In the 1950's and early 1960's the subject of sex was rarely discussed or
considered in such an open manner, on a date, as it is today. This is not
to say that sex, or the subject of sex, has never made an 'appearance' on
a date. On the contrary, sex, on many occasions, has indeed 'inserted' itself
into a date. The difference between then and now is that those occurrences
were the exception, rather than the rule.

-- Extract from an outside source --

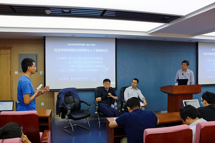 就宪法如何应对人工智能带来的宪法学问题,丁晓东副教授指出,宪法介入人工智能不是可不可能的问题,而是应不应该的问题。宪法能从根本上解决人工智能的法律难题。张翔教授也认为,人工智能所带来的问题不是某个部门法单独能解决的问题,它需要一个整合的视角,而宪法就是解决这些问题最合适的角度,从更加规范而非纯理论的角度解决问题,也只有宪法才能够担起如此的使命。韩大元教授表示,技术的使命永远是为人服务。如果技术主宰了人的生活,对人而言将是灾难。为此要用法治限制,具体表现为:技术发展的理念要符合宪法精神;宪法是保障学术自由的,但学术自由也是有限制的,需要正确的价值立场,受到宪法约束;政府在科学技术面前应当保持中立立场,运用宪法解释防范因技术发展引发公权力对基本权利的侵犯,不能在拥抱技术的同时将人的尊严边缘化。

For the broad majority of daters in those times, the subject of sex was kept
in the background. Sex was the unspoken of 'elephant' in the room. As one
might expect, in a situation where two healthy young members of the opposite
sex are sharing close quarters, there was always an undercurrent of sexual
electricity in the air. It just was not openly, or crassly, acknowledged
by the dating direct couple.
Most of the dates back then, followed along similar lines. During a date,
a guy could make suggestive jokes and/or comments, and sometimes, playfully
hug and grab the girl, but he knew where to draw the line - and had enough
class not to cross it. A girl flirted and looked knowingly at her date, and
depending on the circumstances, might allow a certain degree of superficial
physical contact. Still, she wouldn't go so far as to put herself into a
compromising situation that she couldn't get out of.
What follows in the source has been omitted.